データベース『世界と日本』(代表:田中明彦)
日本政治・国際関係データベース
政策研究大学院大学・東京大学東洋文化研究所

[文書名] 華北派兵に關する聲明(華北派兵に関する声明)

[場所] 
[年月日] 1937年7月11日
[出典] 日本外交年表竝主要文書下巻,外務省,366頁.
[備考] 
[全文]

昭和十二年(一九三七)七月十一日夕刻發表

相踵ク支那側ノ侮日行爲ニ對シ支那駐屯軍ハ隱忍靜觀中ノ處、從來我ト提携シテ北支ノ治安ニ任シアリシ第二十九軍ノ、七月七日夜半蘆溝橋附近ニ於ケル不法射擊ニ端ヲ發シ、該軍ト衝突ノ已ムナキニ至レリ。爲ニ平津方面ノ情勢逼迫シ、我在留民ハ正ニ危殆ニ瀕スルニ至リシモ、我方ハ和平解決ノ望ヲ棄テス事件不擴大ノ方針ニ基キ局地的解決ニ努力シ、一旦第二十九軍側ニ於テ和平的解決ヲ承諾シタルニ不拘、突如七月十日夜ニ至リ、彼ハ不法ニモ更ニ我ヲ攻擊シ再ヒ我軍ニ相當ノ死傷ヲ生スルニ至ラシメ、而モ頻ニ第一線ノ兵力ヲ增加シ更ニ西苑ノ部隊ヲ南進セシメ、中央軍ニ出動ヲ命スル等武力的準備ヲ進ムルト共ニ平和的交涉ニ應スルノ誠意ナク遂ニ北平ニ於ケル交涉ヲ全面的ニ拒否スルニ至レリ。

以上ノ事實ニ鑑ミ今次事件ハ全ク支那側ノ計畫的武力抗日ナルコト最早疑ノ餘地ナシ。

思フニ北支治安ノ維持カ帝國及滿洲國ニトリ緊急ノ事タルハ茲ニ贅言ヲ要セサル處ニシテ、支那側カ不法行爲ハ勿論支那側ノ排日侮日行爲ニ對スル謝罪ヲ爲シ、今後斯カル行爲ナカラシムル爲ノ適當ナル保障等ヲナスコトハ東亞ノ平和維持上極メテ緊要ナリ。

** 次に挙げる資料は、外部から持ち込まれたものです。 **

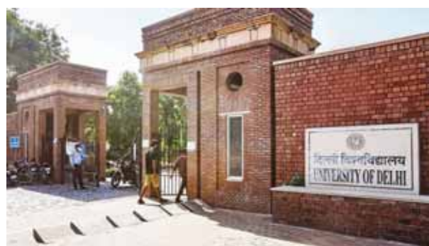
development in higher education institutes.

仍テ政府ハ本日ノ閣議ニ於テ重大決意ヲ爲シ、北支出兵ニ關シ政府トシテ執ルヘキ所要ノ措置ヲナス事ニ決セリ。

然レトモ東亞平和ノ維持ハ帝國ノ常ニ顧念スル所ナルヲ以テ、政府ハ今後共局面不擴大ノ爲平和的折衝ノ望ヲ捨テス、支那側ノ速カナル反省ニヨリテ事態ノ圓滿ナル解決ヲ希望ス。又列國權益ノ保全ニ就テハ固ヨリ十分之ヲ考慮セントスルモノナリ。